Monday, May 31, 2010

The Ambient Noise

The musical amalgamation of humming motors, honking horns, and frenzied fists pounding on steering wheels, all discordantly orchestrated by the dissatisfactory timing of red and green lights, tied with the ever-accelerating alacrity of the technologies of the "now generation" and the constant thumb-tiring messaging and endless chatter that it embodies, somehow resolved our lives to some perverted status-quo that is wildly detoured from the truth. No, I have not become some John Muir journeying for answers in the depths of Alaskan waterways and icefields, nor some Christopher McCandles who shunned society for an odyssey Into the Wild, but I'm simply reflecting upon the liberation and unrestrained joy that I regularly find in a technologically detached world where the moment pervades every breath, thought, and uttered word. Liberation. No other word suffices.

Perhaps it's the caffeine from bottomless cups of diet soda coursing through my veins, or the damp residue of an overdue rainforest rain lingering on my shirt from my forest hike, or the residuum of solitary sunrise yoga, but I am undeniably under a welcomed spell of some induced meditative state.
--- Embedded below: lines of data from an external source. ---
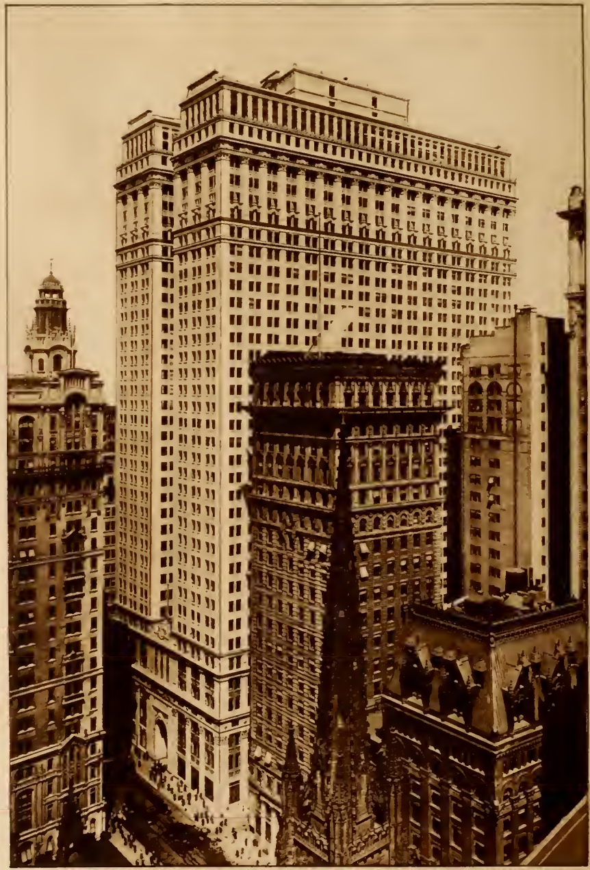
EQUITABLE BUILDING, covering entire square block on Broadway and Cedar Street. Thirty-eight stories high and has 15,000 workers in its offices.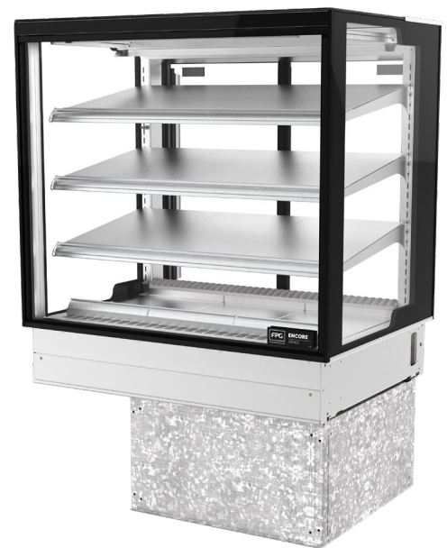
Showing : Encore Series 8 controlled ambient 900mm square in-counter tilt front with integral refrigeration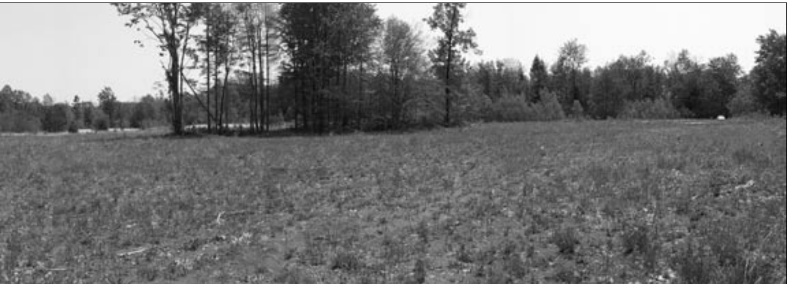
s trees. They are just too small to see in the grass. Here is evidence that TechniSand should never be allowed to mine in Covert again.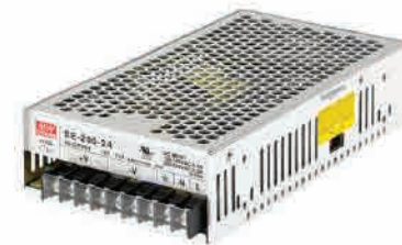
Our most common transformers we use for LED Illuminated Signage Projects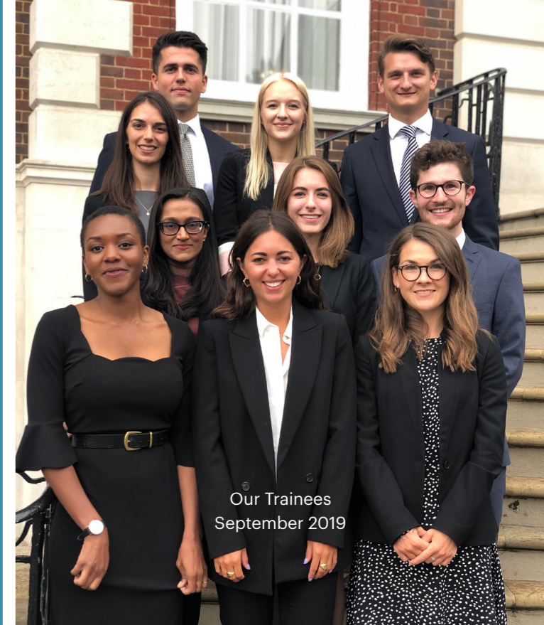
Our Trainees September 2019

So far I have sat in Disputes, Employment and Corporate and I am moving to Charities next. Each seat has been totally different and I feel like I am building a diverse skill set and a broad network across the firm. The six seat system operates so that trainees return to the department they will qualify into for their sixth seat. This makes the transition from trainee to qualified solicitor much smoother and means you really feel part of your chosen team by the time you qualify."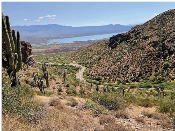
Tonto National Monument.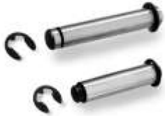
Art.-Nr. 1126040 Art.-Nr. 1126060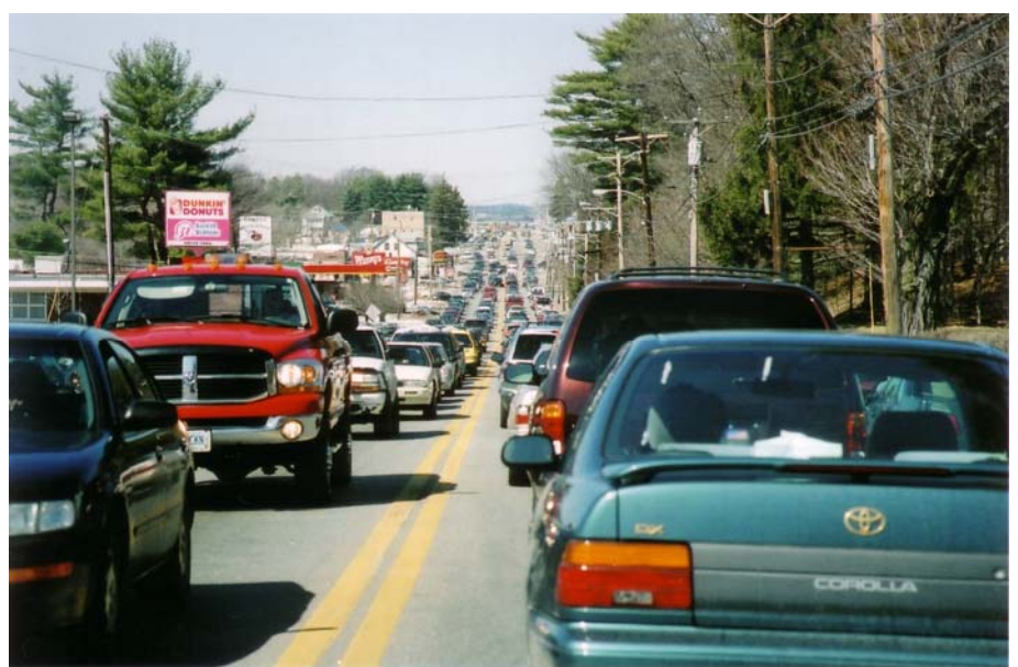
The Salem traffic-jam.

On the Van shot, I set the camera to "partial metering" which is a broader version of spot metering with the camera aimed at the side of the van (door open). Alan Jr. did this shot. As you can see the background is somewhat overexposed to accommodate some bracketing for the wide variation of lighting. I'm somewhat satisfied with that test. Now it's off to Salem.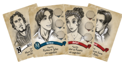
17 Character Cards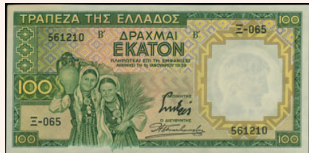
Lot: 6162 (50%)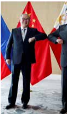
China's Foreign Minister Wang Yi and Philippine's Foreign Affairs Secretary Teodoro Locsin Jr., bump th...

"It is hoped that relevant people in the Philippines will comply with basic etiquette and their position when making remarks."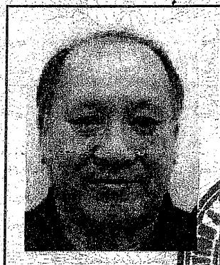
Photograph of Bearer

National status MALAYSIA Place of birth SARAWAK Date of birth 27 MAY 1954 Height 168 CM Colour of hair BLACK Colour of eyes BLACK Visible peculiarities NIL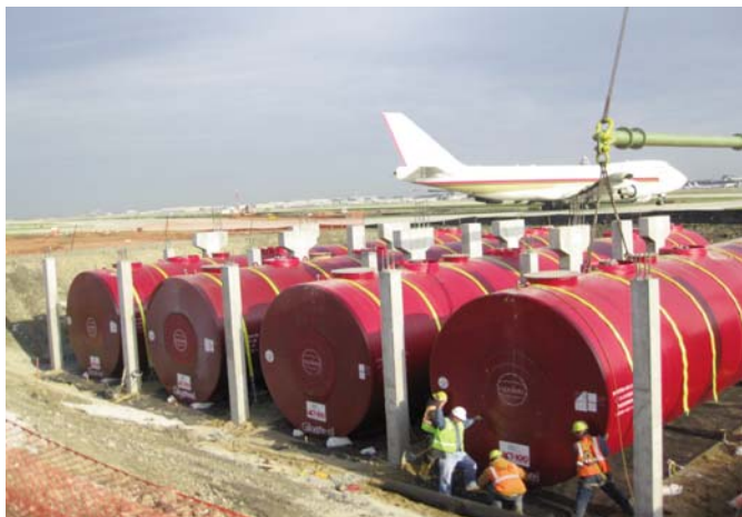
Features the strength of steel with a 100-mil fiberglass outer coating

ACT-100® Steel/FRP composite tank features a strong steel tank for structural integrity, and a 100-mil fiberglass outer coating for long-lasting corrosion protection. Double-wall design allows continuous interstitial leak detection and monitoring.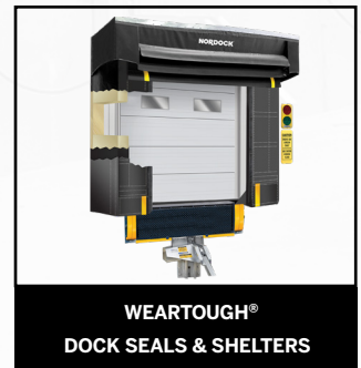
WEARTOUGH® DOCK SEALS & SHELTERS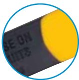
Smart-Grip™ Dual Durometer Molded Grip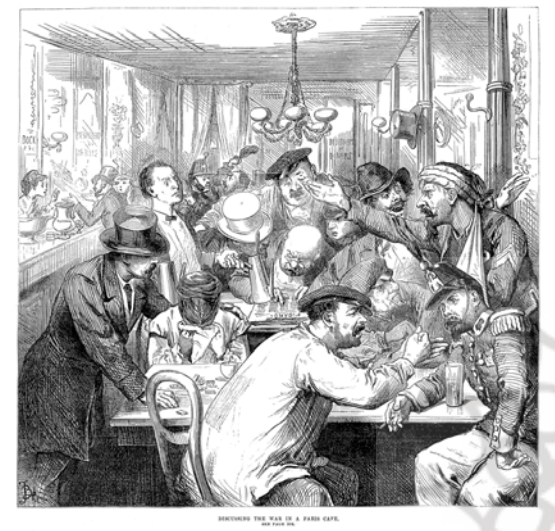
▲ Pic 1. Discussing the War in a Paris Café, the Illustrated London News 17 September 1870

conventionalizing people's gathering among various groups of people. In this regards, Habres like Walter Benjamin among the members of Frankfort school says that city not just economically has been the center of civil society but it has been in political-cultural contrast with court, caused growth and boom at public literary areas, i.e. an area which their major topic has been the topic over coffee houses and assemblies(Azad Aramaki, 2006, p. 28).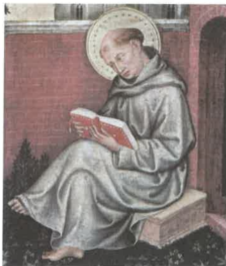
DETAIL (THOMAS AQUINAS) FROM VALLE ROMITA POLYPTICH BY GENTILE DA FABRIANO (CIRCA 1400)

—The Redemptorists Sundaybulletin@Liguori.org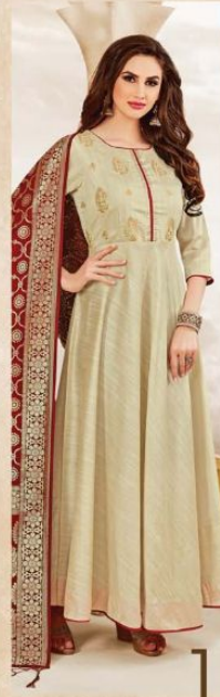
[ 4012 ]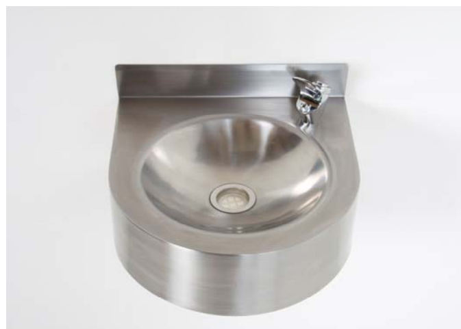
The Veitch Wall Mounted Drinking Fountain comes complete with sturdy bubbler and PVC waste outlet. It features a 65mm upstand to rear and one-piece construction for cleanliness.

The Veitch Wall Mounted Drinking Fountain is fully recyclable and is 100% Australian made.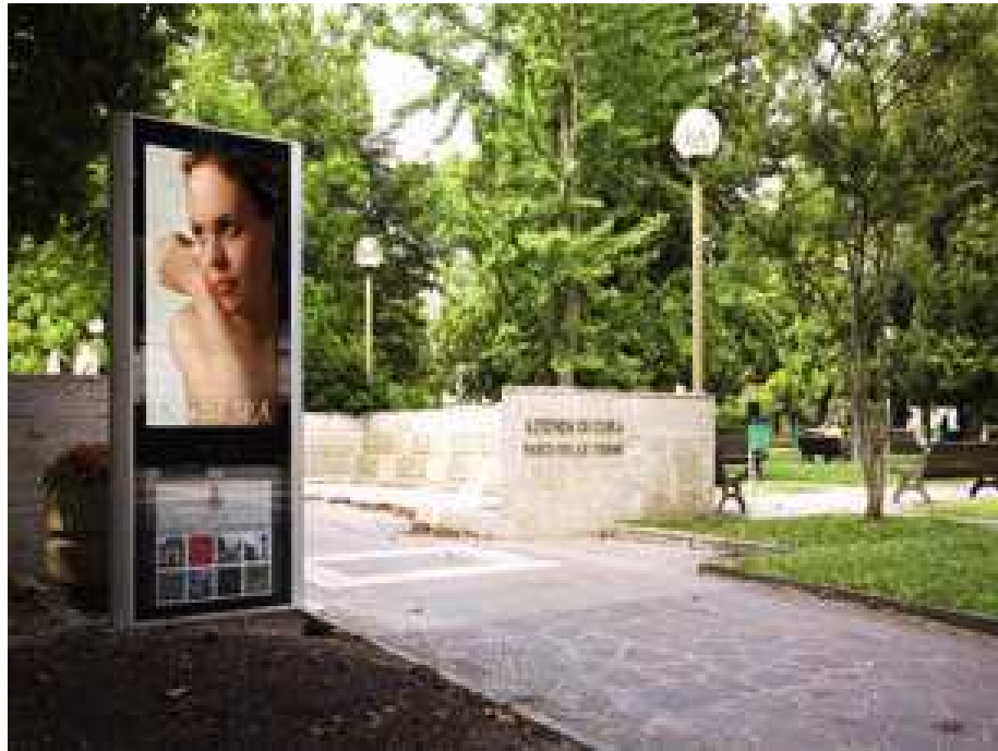
ABANO TERME (PD), ITALY - DOWNTOWN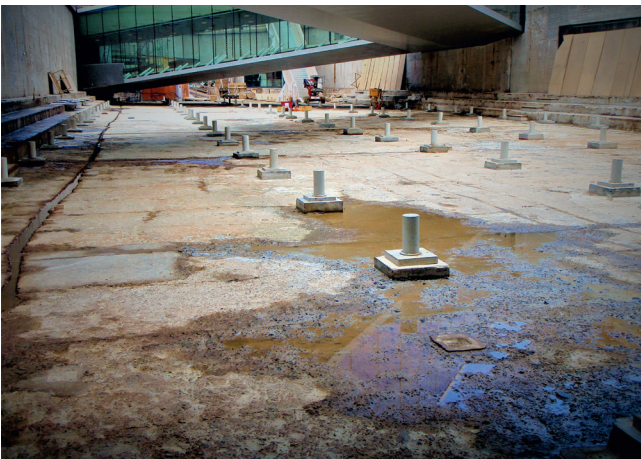
The base slab layer of the Maritime Museum of Denmark ready for installation of cathodic protection.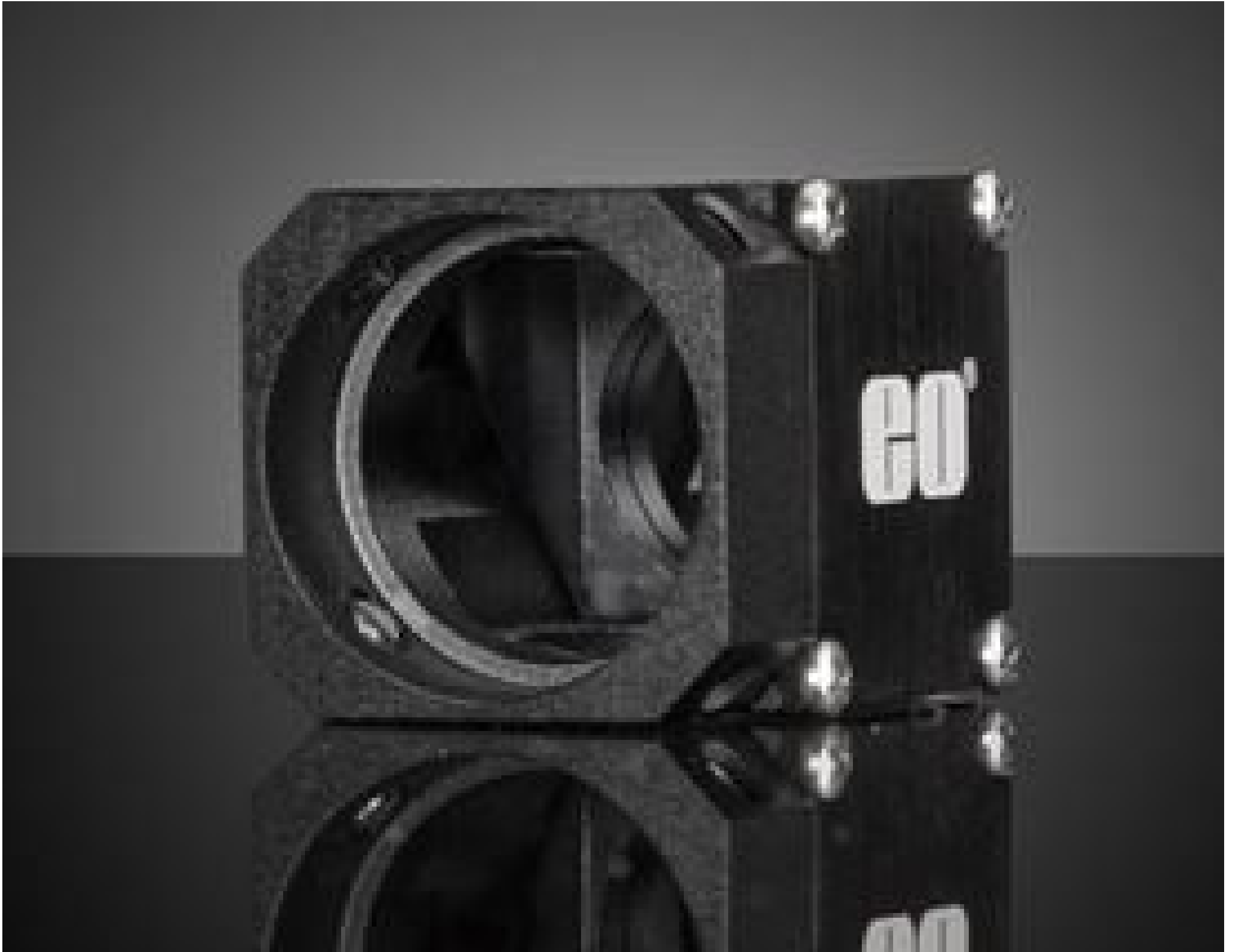
Right Angle Adapter For 18mm Dia. Lenses, #88-215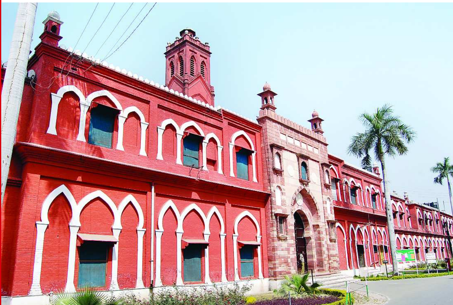
FACULTY OF LAW

It is proudly Islamic and Indian institution: a living symbol of composite culture of India and a bulwark of its secular principles.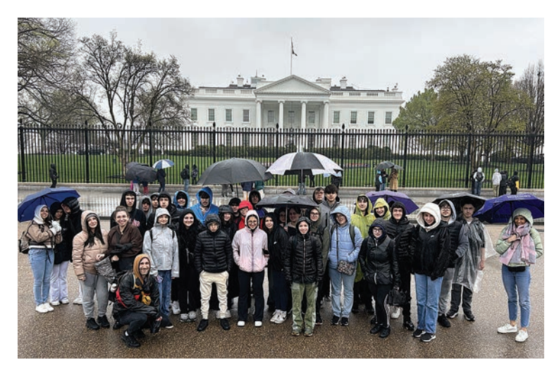
LMAC students near the White House.

High School trips to the United States and Europe occur towards the end of each academic year. In this edition we are happy to share with readers information on some of those travels.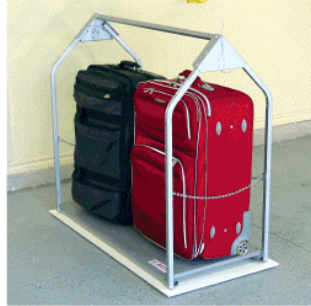
Luggage and Trunks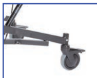
P13854 5" Dual Locking Casters (pair)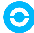
SYNC free cloud-based monitoring and management for Logitech video collaboration gear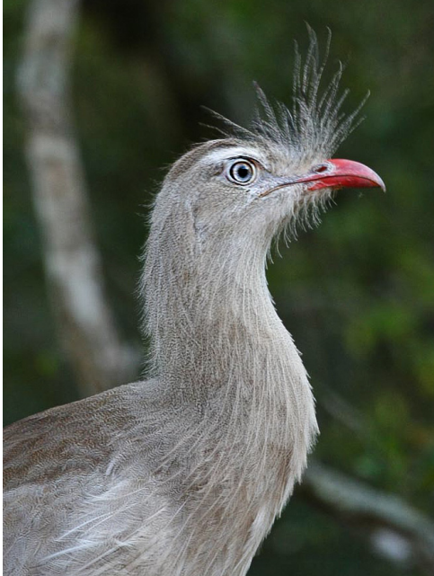
Red-legged Seriema.

tor and the Lesser Nothura, which is threatened and a near endemic to Brazil. Other specialties of the site are the White-rumped Monjita , White-rumped Tanager and the White-banded Tanager (a tanager that looks like a shrike). While night birding, we may come across Rufous and Little nightjars , the fantastic Scissor-tailed Nightjar , Tropical Screech-Owl and Common Potoo . At night, Crab-eating Fox is possible, and maybe even the amazing Maned Wolf , as well as armadillos and Collared Peccary . The moist grasslands could provide a diversity of seed eaters , including the rare Chestnut, Marsh, Dark-throated and Plumbeous . Also in this area we may find some other stunning birds such as Sharp-tailed Grass-Tyrant , Bearded Tachuri and Black-masked Finch .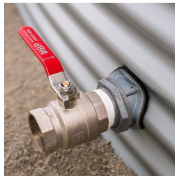
50mm Outlet and Ballvalve for Steel Liner Tank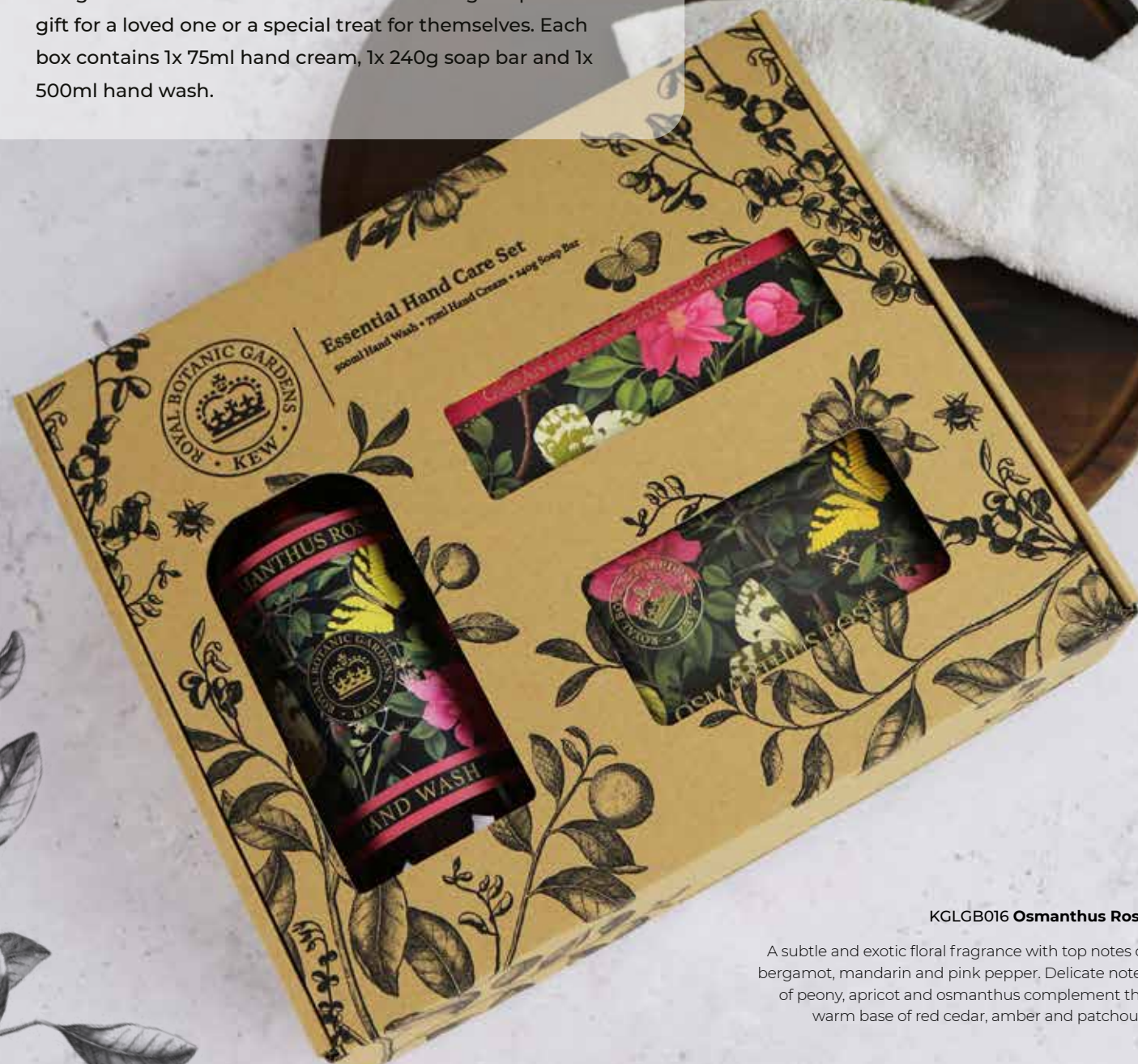
KGLGB016 Osmanthus Rose

Decorated with illustrations from the Library & Archives at the Royal Botanic Gardens, Kew; these giftboxes have been designed with the consumer in mind. Making it a perfect gift for a loved one or a special treat for themselves. Each box contains 1x 75ml hand cream, 1x 240g soap bar and 1x 500ml hand wash.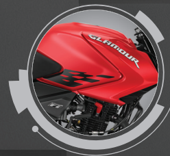
MUSCULAR FUEL TANK

The ambient noise that unknowingly defined my life and my (un)happiness was shockingly stripped from my world the day I set foot in Glacier Bay. Figuratively disrobed and vulnerable, the simplicity of my new world suffocated me. As the ambient noise became the calls of birds in the forest, the pulse of the bay crashing upon the shore, and meditative silence that ripples across a lone forest pond, I grew aware that my life was no longer controlled by an overwhelming cacophony but instead the unbinding embrace of harmony. Instead of life racing by, here in Glacier Bay I stop to admire a purple lupine or the terminal bud of a spruce branch. My awareness is brought to the soil under my every step and my mind to the question of when blueberries and salmonberries will ripen. I find myself in this new world haulted in the rain to observe the awakening of life in the rainforest.

When the ambient noise becomes your life, you miss the beauty of the details, and the details truly are inexplicably beautiful. The aphorism states "God is in the details." I challenge you to take a moment, step outside the noise and see for yourself. I think you'll be pleasantly surprised.

Until next time...

7 comments:

  1. Thank you for sharing this Brandon....I love it!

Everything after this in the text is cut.